HTC Partners with Valve to Create RE Vive Virtual Reality Headset
HTC today unveiled at its Mobile World Congress (MWC) press conference in Barcelona a new virtual reality system it has developed in partnership with the gaming giant Valve. Dubbed "RE Vive," the system moves beyond just a headset and uses Kinect-style lasers to track even the smallest of body movements, allowing players to become fully immersed in their games. With 70 sensors, the VR device gives users a 360 degree look at the virtual world. According to Ars Technica, besides allowing you to look around, you also will be able to walk around just like you do in the real world, you can explore objects from all angles and look up and down.

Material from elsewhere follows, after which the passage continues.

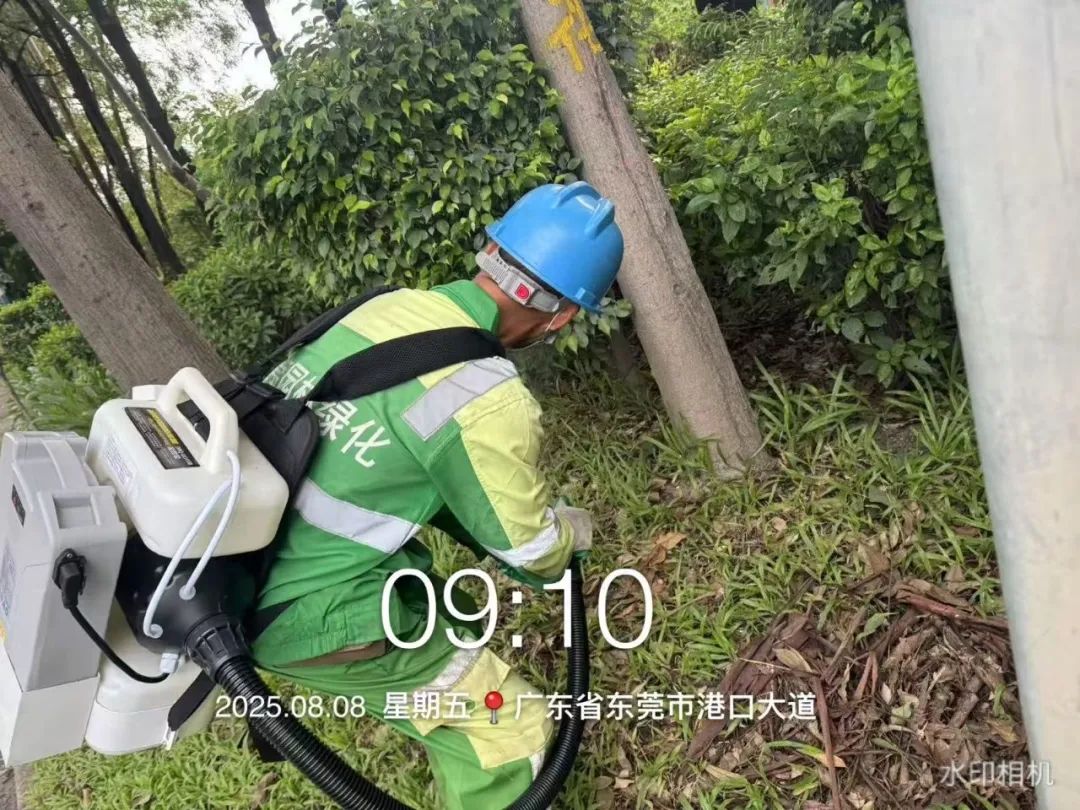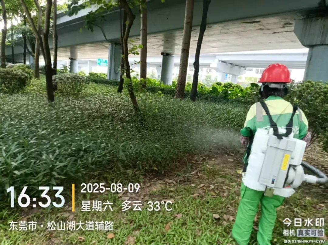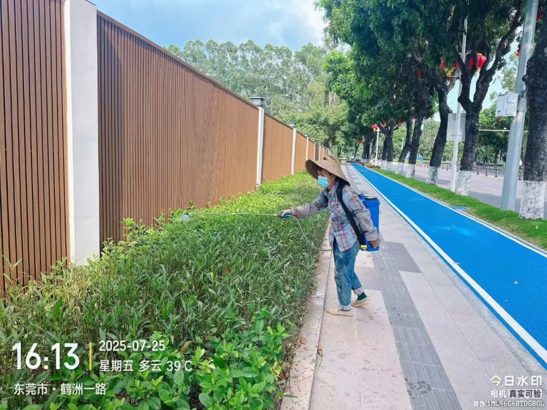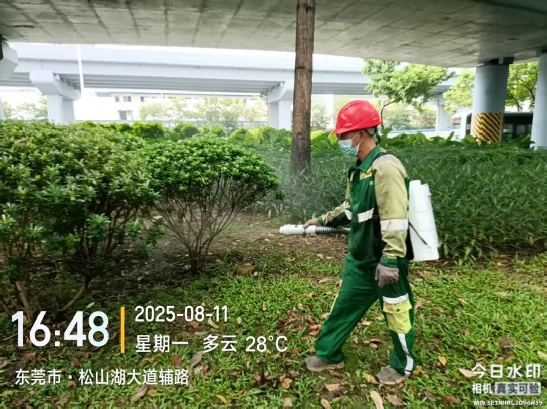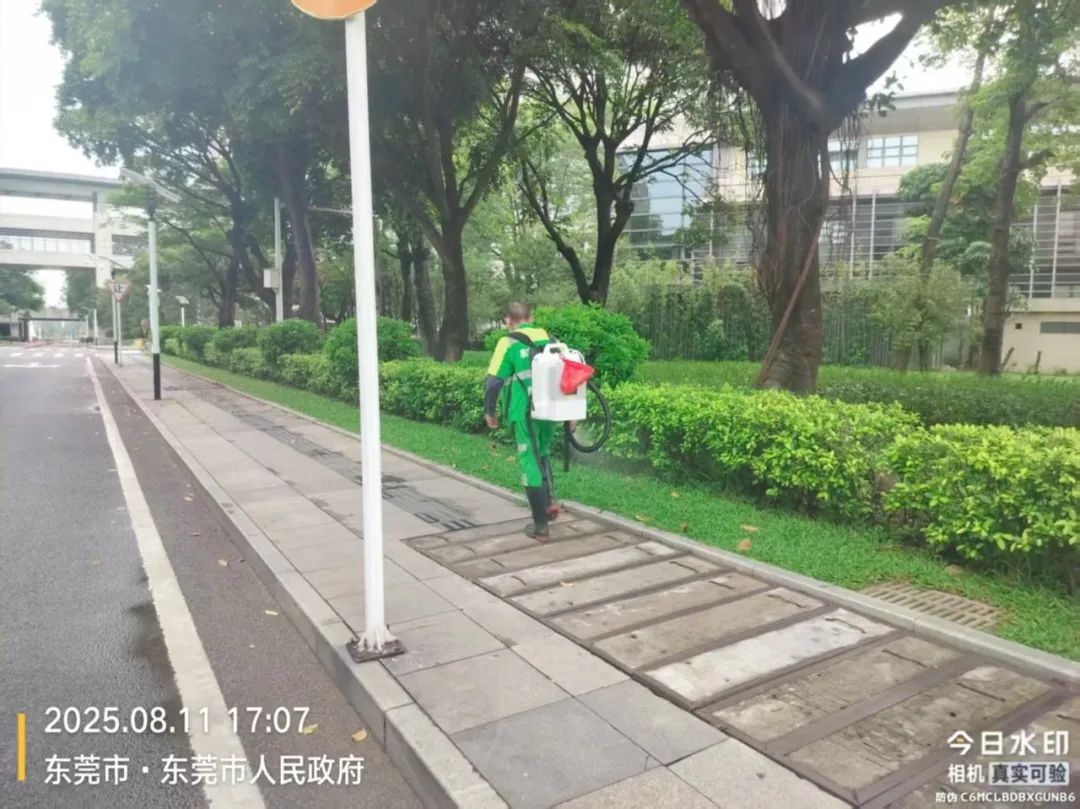 为做好灭蚊防蚊工作,艺林公司在园林绿化养护工作中,使用超低容量喷雾器和菊脂类灭蚊药剂,对八一路段、松山湖大道救助站至中医院路段、小坑至篮球中心路段,以及人流密集区域的绿化带实施灭蚊消杀作业。作业时避免对市民出行造成干扰,并确保药剂在低风速条件下高效扩散。消杀过程中,工作人员配备专业防护装备,严格按照操作规范执行,重点针对绿化带中的积水点和植被密集区喷洒药剂,以彻底清除蚊虫孳生源。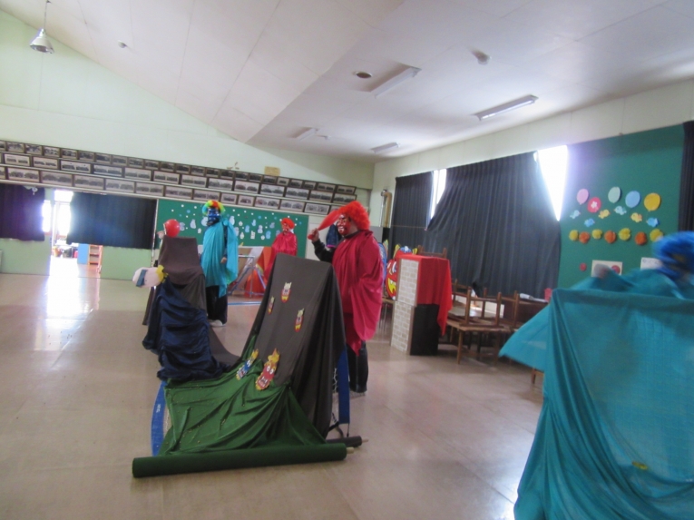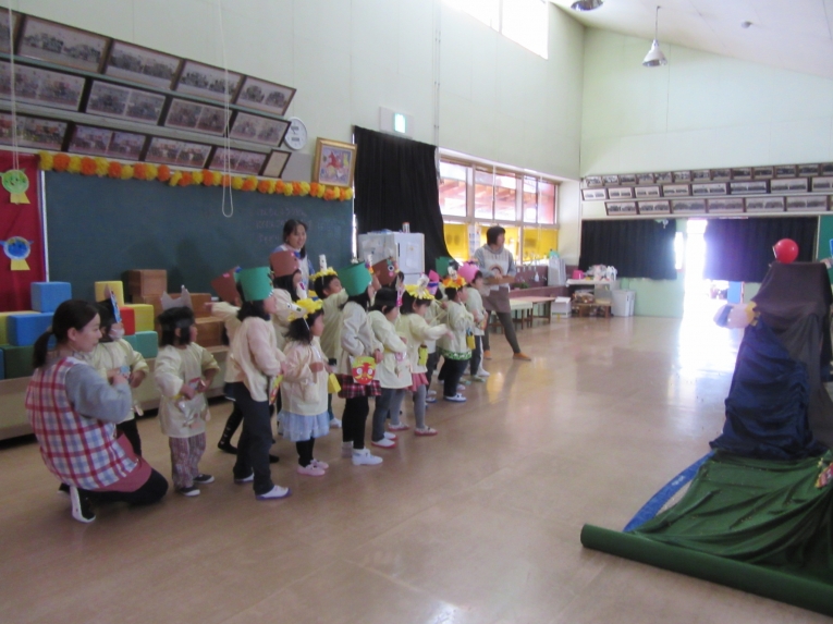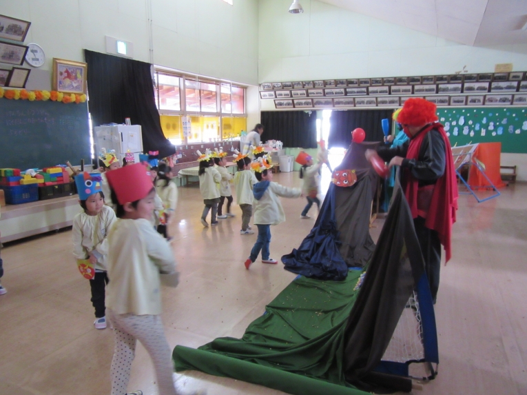 先生の出し物「おおかみと七ひきのこやぎ」のエプロンシアター

HTC calls its RE Vive a "Full Room Scale 360 Degree Solution with Tracked Controllers" and it "features high-quality graphics, 90-frames-per-second video, and incredible audio fidelity." As gathered by the techie news site, the Re Vive headset uses two 1200×1080 displays, one for each eye, and the relatively high resolution should help cut down on the "screen door effect" you got with the original Oculus Rift developer kit. HTC will reportedly also be producing "wireless VR controllers" along with the headset. These will be sold in pairs and will reportedly be less complex than typical gamepads.
Phone Arena, which also covered the Barcelona event, said "we won't see the RE Vive available until this coming November at the earliest." In the meantime, HTC will reportedly also be partnering with prominent game developers, like Vertigo Games, Bossa, Barry -Fireproof, Dovetail Games, Wemo Labs, Google, Steel Wool Games and Owlchemy, along with Google, HBO, Lionsgate, and the National Palace Museum in Taiwan, to provide content for the upcoming VR system.
In unveiling RE Vive, HTC's Cher Wang told reporters: "Vive creates an exciting opportunity for all developers and content creators, to help us bring virtual reality into the mainstream with an end-to-end solution that completely redefines how we entertain ourselves, communicate with each other, learn and, eventually, how we become more productive. HTC Vive is real, it's here and it'll be ready to go before the start of 2016."